MIT takes down 80 Million Tiny Images data set due to racist and offensive content
Creators of the 80 Million Tiny Images data set from MIT and NYU took the collection offline this week, apologized, and asked other researchers to refrain from using the data set and delete any existing copies. The news was shared Monday in a letter by MIT professors Bill Freeman and Antonio Torralba and NYU professor Rob Fergus published on the MIT CSAIL website.
Introduced in 2006 and containing photos scraped from internet search engines, 80 Million Tiny Images was recently found to contain a range of racist, sexist, and otherwise offensive labels such as nearly 2,000 images labeled with the N-word, and labels like “rape suspect” and “child molester.” The data set also contained pornographic content like non-consensual photos taken up women’s skirts. Creators of the 79.3 million-image data set said it was too large and its 32 x 32 images too small, making visual inspection of the data set’s complete contents difficult. According to Google Scholar, 80 Million Tiny Images has been cited more 1,700 times.
“Biases, offensive and prejudicial images, and derogatory terminology alienates an important part of our community — precisely those that we are making efforts to include,” the professors wrote in a joint letter. “It also contributes to harmful biases in AI systems trained on such data. Additionally, the presence of such prejudicial images hurts efforts to foster a culture of inclusivity in the computer vision community. This is extremely unfortunate and runs counter to the values that we strive to uphold.”
The trio of professors say the data set’s shortcoming were brought to their attention by an analysis and audit published late last month (PDF) by University of Dublin Ph.D. student Abeba Birhane and Carnegie Mellon University Ph.D. student Vinay Prabhu. The authors say their assessment is the first known critique of 80 Million Tiny Images.
VB Transform 2020 Online – July 15-17. Join leading AI executives: Register for the free livestream.
Both the paper authors and the 80 Million Tiny Images creators say part of the problem comes from automated data collection and nouns from the WordNet data set for semantic hierarchy. Before the data set was taken offline, the coauthors suggested the creators of 80 Million Tiny Images do like ImageNet creators did and assess labels used in the people category of the data set. The paper finds that large-scale image data sets erode privacy and can have a disproportionately negative impact on women, racial and ethnic minorities, and communities at the margin of society.
Birhane and Prabhu assert that the computer vision community must begin having more conversations about the ethical use of large-scale image data sets now in part due to the growing availability of image-scraping tools and reverse image search technology. Citing previous work like the Excavating AI analysis of ImageNet, the analysis of large-scale image data sets shows that it’s not just a matter of data, but a matter of a culture in academia and industry that finds it acceptable to create large-scale data sets without the consent of participants “under the guise of anonymization.”
“[W]e posit that the deeper problems are rooted in the wider structural traditions, incentives, and discourse of a field that treats ethical issues as an afterthought. A field where in the wild is often a euphemism for without consent. We are up against a system that has veritably mastered ethics shopping, ethics bluewashing, ethics lobbying, ethics dumping, and ethics shirking,” the paper states.

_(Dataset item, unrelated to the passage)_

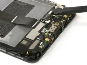 Используйте лопатку, чтобы отключить шлейф динамика и шлейф порта зарядки от дочерней платы.

To create more ethical large-scale image data sets, Birhane and Prabhu suggest:
Blur the faces of people in data sets
Do not use Creative Commons licensed material
Collect imagery with clear consent from data set participants
Include a data set audit card with large-scale image data sets, akin to the model cards Google AI uses and the datasheets for data sets Microsoft Research proposed
The work incorporates Birhane’s previous work on relational ethics, which suggests that the creators of machine learning systems should begin their work by speaking with the people most affected by machine learning systems, and that concepts of bias, fairness, and justice are moving targets.
ImageNet was introduced at CVPR in 2009 and is widely considered important to the advancement of computer vision and machine learning. Whereas previously some of the largest data sets could be counted in the tens of thousands, ImageNet contains more than 14 million images. The ImageNet Large Scale Visual Recognition Challenge ran from 2010 to 2017 and led to the launch of a variety of startups like Clarifai and MetaMind, a company Salesforce acquired in 2017. According to Google Scholar, ImageNet has been cited nearly 17,000 times.
As part of a series of changes detailed in December 2019, ImageNet creators including lead author Jia Deng and Dr. Fei-Fei Li found that 1,593 of the 2,832 people categories in the data set potentially contain offensive labels, which they said they plan to remove.
“We indeed celebrate ImageNet’s achievement and recognize the creators’ efforts to grapple with some ethical questions. Nonetheless, ImageNet as well as other large image datasets remain troublesome,” the Birhane and Prabhu paper reads.